**Work to complete**
Once the line holding "一方、個別銘柄では、「メタプ" is found in the entries below, transcribe exactly every line up to and including the one holding "ZACAPELA EN XALATLACO;", but leave out the pictures.

**Extracted material**
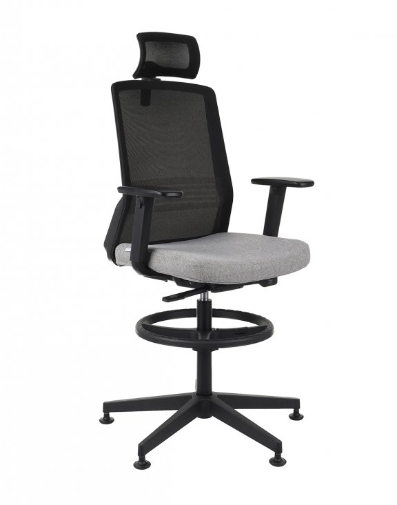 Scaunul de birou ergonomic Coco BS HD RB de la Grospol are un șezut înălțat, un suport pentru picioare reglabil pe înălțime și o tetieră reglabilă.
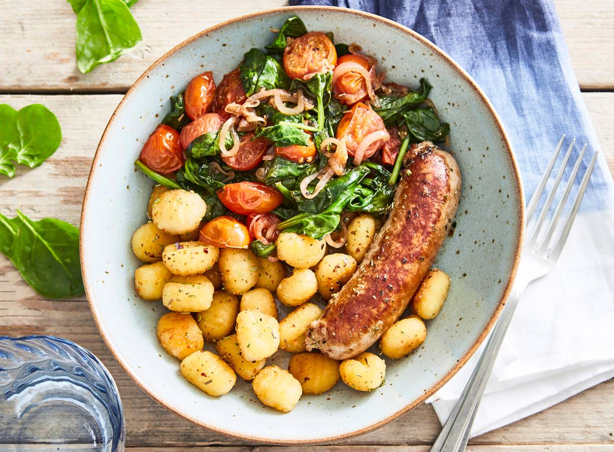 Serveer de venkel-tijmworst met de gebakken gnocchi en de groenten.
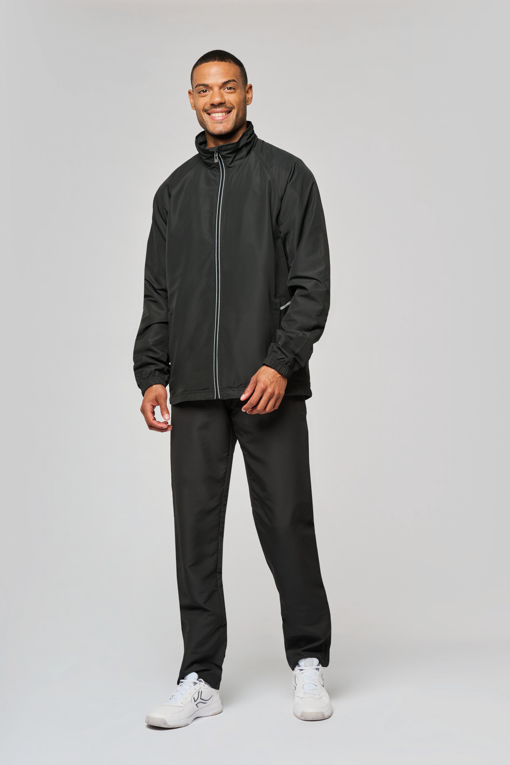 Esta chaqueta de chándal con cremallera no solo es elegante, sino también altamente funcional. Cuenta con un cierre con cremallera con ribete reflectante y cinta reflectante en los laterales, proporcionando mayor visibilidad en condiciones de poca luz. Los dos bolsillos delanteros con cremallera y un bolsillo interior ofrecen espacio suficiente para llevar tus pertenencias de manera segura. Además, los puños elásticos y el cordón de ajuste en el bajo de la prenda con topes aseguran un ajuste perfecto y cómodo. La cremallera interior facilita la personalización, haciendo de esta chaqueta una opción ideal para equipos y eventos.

--

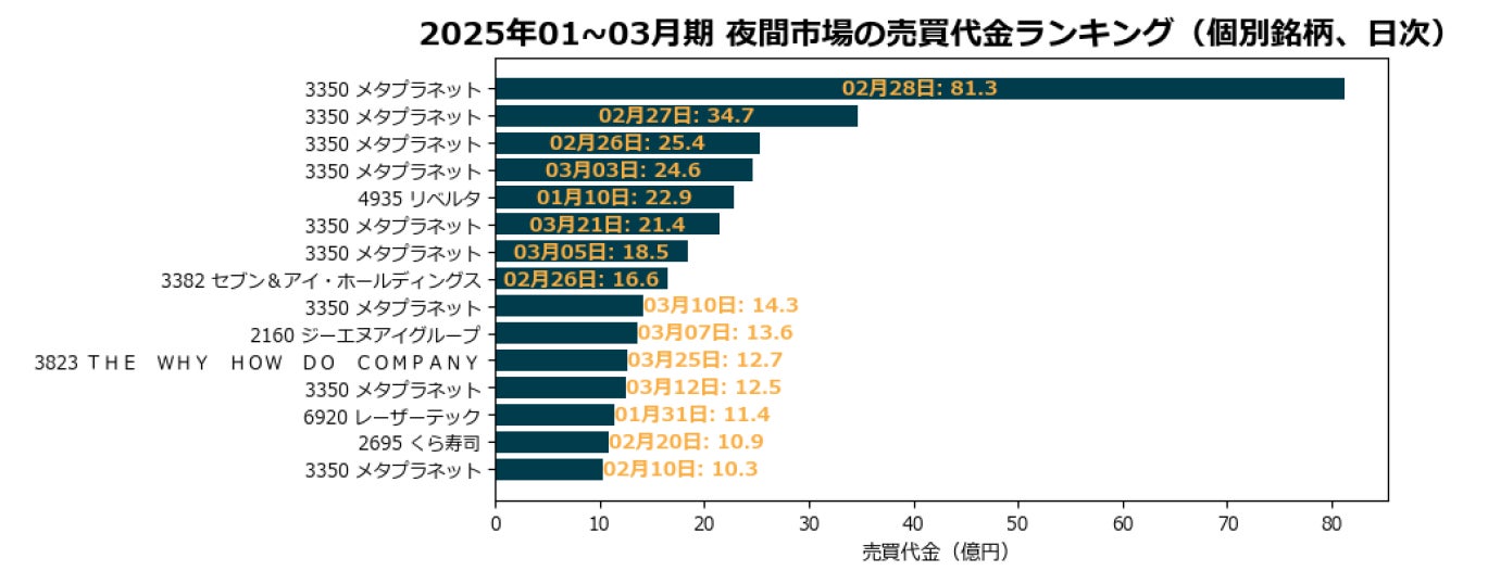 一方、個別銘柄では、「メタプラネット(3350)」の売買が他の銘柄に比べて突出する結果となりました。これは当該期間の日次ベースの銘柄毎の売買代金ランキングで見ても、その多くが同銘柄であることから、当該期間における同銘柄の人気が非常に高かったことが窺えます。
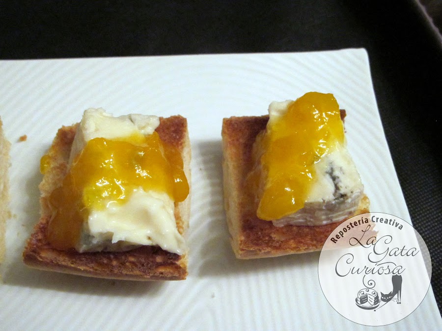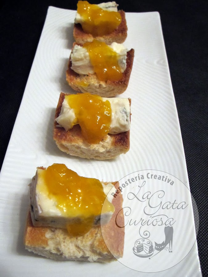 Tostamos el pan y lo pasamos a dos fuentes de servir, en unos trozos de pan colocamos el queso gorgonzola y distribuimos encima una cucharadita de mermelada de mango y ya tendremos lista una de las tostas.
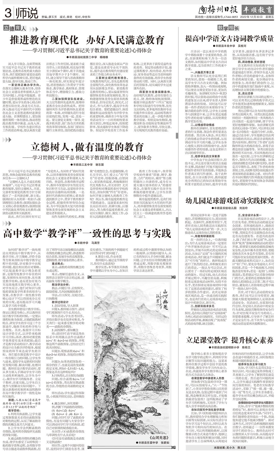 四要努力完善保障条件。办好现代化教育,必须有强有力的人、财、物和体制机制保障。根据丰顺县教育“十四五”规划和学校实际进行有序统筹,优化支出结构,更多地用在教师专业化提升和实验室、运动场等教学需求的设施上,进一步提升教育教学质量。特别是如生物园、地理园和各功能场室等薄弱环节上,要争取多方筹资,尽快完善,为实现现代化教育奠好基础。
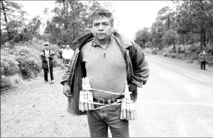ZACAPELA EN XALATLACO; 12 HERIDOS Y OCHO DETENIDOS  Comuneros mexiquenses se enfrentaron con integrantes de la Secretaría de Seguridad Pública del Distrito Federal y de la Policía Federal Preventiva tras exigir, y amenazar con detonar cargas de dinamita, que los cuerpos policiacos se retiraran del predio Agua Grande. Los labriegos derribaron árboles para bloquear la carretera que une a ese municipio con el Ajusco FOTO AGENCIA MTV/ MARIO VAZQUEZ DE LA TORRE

--

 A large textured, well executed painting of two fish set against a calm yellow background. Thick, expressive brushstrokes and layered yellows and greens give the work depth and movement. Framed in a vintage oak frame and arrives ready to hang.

**Finished exercise**
 一方、個別銘柄では、「メタプラネット(3350)」の売買が他の銘柄に比べて突出する結果となりました。これは当該期間の日次ベースの銘柄毎の売買代金ランキングで見ても、その多くが同銘柄であることから、当該期間における同銘柄の人気が非常に高かったことが窺えます。
 Tostamos el pan y lo pasamos a dos fuentes de servir, en unos trozos de pan colocamos el queso gorgonzola y distribuimos encima una cucharadita de mermelada de mango y ya tendremos lista una de las tostas.
 四要努力完善保障条件。办好现代化教育,必须有强有力的人、财、物和体制机制保障。根据丰顺县教育“十四五”规划和学校实际进行有序统筹,优化支出结构,更多地用在教师专业化提升和实验室、运动场等教学需求的设施上,进一步提升教育教学质量。特别是如生物园、地理园和各功能场室等薄弱环节上,要争取多方筹资,尽快完善,为实现现代化教育奠好基础。
ZACAPELA EN XALATLACO; 12 HERIDOS Y OCHO DETENIDOS  Comuneros mexiquenses se enfrentaron con integrantes de la Secretaría de Seguridad Pública del Distrito Federal y de la Policía Federal Preventiva tras exigir, y amenazar con detonar cargas de dinamita, que los cuerpos policiacos se retiraran del predio Agua Grande. Los labriegos derribaron árboles para bloquear la carretera que une a ese municipio con el Ajusco FOTO AGENCIA MTV/ MARIO VAZQUEZ DE LA TORRE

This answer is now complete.